Le Nouveau Testament reprend l’idée du cœur comme siège de l’Alliance. L’épitre aux Galates (4-6) l’explicite clairement : « Et parce que vous êtes fils, Dieu a envoyé dans nos cœurs l’Esprit de son Fils, lequel crie : Abba ! Père. »

L’épisode de la lance de Longinus qui transperce le cœur de Jésus sur la croix, rapporté par l’évangile de Jean (19, 34), est le symbole ultime de cette nouvelle Alliance.

Au-delà de l’horrible plaie physique qu’elle cause, la lance, qui transperce le cœur du Christ, incarne avant tout le mal des hommes qui meurtrissent le Sauveur. Symboliquement, c’est donc le sacrifice du cœur du Christ, en tant que siège de l’âme, qui obtient la rédemption des péchés pour l’humanité.

La première fête officielle à être consacrée au Cœur de Jésus l’est d’ailleurs en lien avec cet épisode : en 1353, le pape Innocent VI proclame la fête de la sainte Lance dans l’Empire romain germanique.

Les écrits et les apparitions

Une longue lignée d’auteurs chrétiens ont écrit à propos du Sacré-Cœur de Jésus : Anselme de Cantorbéry, Bernard de Clairvaux, Albert le Grand, Catherine de Sienne, François de Sales, Pierre de Bérulle, Vincent de Paul, Jean Eudes et Bossuet, pour ne nommer que les principaux.

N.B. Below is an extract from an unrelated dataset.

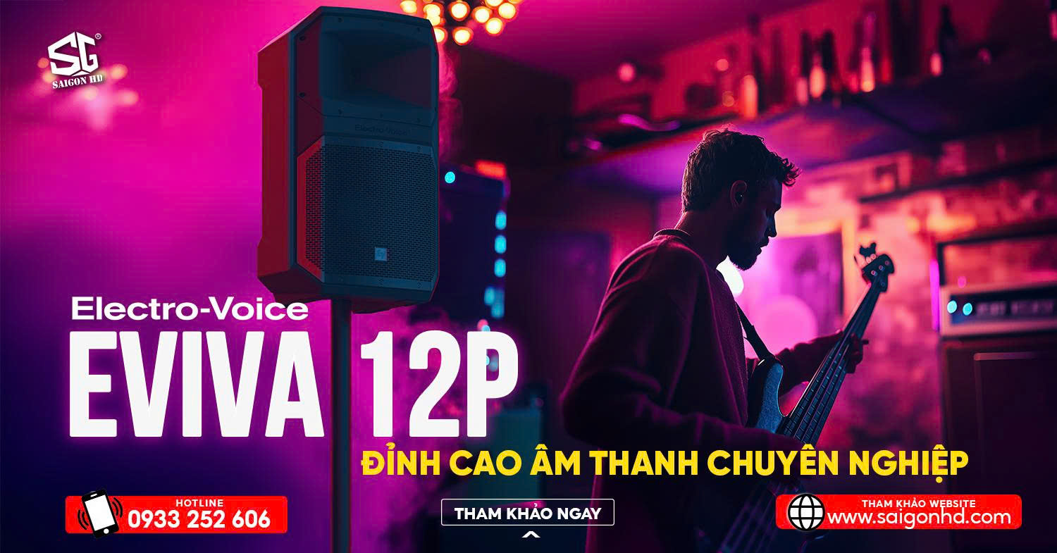 Electro-Voice EVIVA 12P là loa active 12 inch công suất 1000W, tích hợp DSP thông minh và mixer 2 kênh, mang đến âm thanh mạnh mẽ, chi tiết. Lý tưởng cho hội trường, sân khấu, DJ, karaoke và sự kiện chuyên nghiệp.

La réflexion théologique sur le sujet est donc très vaste et couvre toutes les périodes historiques depuis le Moyen-Âge. 

Il faut également souligner les multiples visions et apparitions du Sacré-Cœur qui ont été reconnues par l’Église. Les premières visions remontent à 1199, alors que le Sacré-Cœur se manifeste à Lutgarde de Saint–Trond. Suivront des manifestations à sainte Marguerite de Cortone, Gertrude la Grande, Pierre Canisius et, surtout, à Marguerite-Marie Alacoque en 1675.

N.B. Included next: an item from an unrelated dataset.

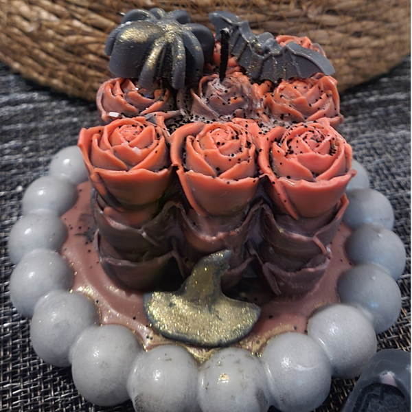 Une création mystérieuse et raffinée pour Halloween : la bougie Rose Nocturne est composée d’un bouquet de roses sculptées, teintées de noir et d’orange automnal, reposant dans un socle en aquarésine gris perle. Les décorations (chauve-souris, araignée, tombe miniature) viennent ajouter une touche gothique et inquiétante.

C’est lors de ces dernières apparitions auprès de la sainte française que le Sacré-Cœur lui déclare la très célèbre phrase : « Voici ce Cœur qui a tant aimé les hommes […] jusqu’à s’épuiser et se consumer pour leur témoigner son amour. »

C’est également lors de ces apparitions que le Sacré-Cœur fait douze promesses à l’humanité, dont la promesse numéro neuf : « Je bénirai moi-même les maisons où l’image de mon Sacré-Cœur sera exposée et honorée. » D’où les petites images accrochées au-dessus des portes d’entrée des foyers catholiques qu’on a mentionnées en introduction !

Il faudra cependant attendre en 1856 pour que le pape Pie IX officialise à toute l’Église la fête du Sacré-Cœur de Jésus, déjà soulignée de diverses manières depuis le Moyen-Âge. Trois de ses successeurs écriront des encycliques sur le sujet, confirmant de cette manière l’attachement de l’Église à cette dévotion toujours célébrée aujourd’hui, 19 jours après la Pentecôte.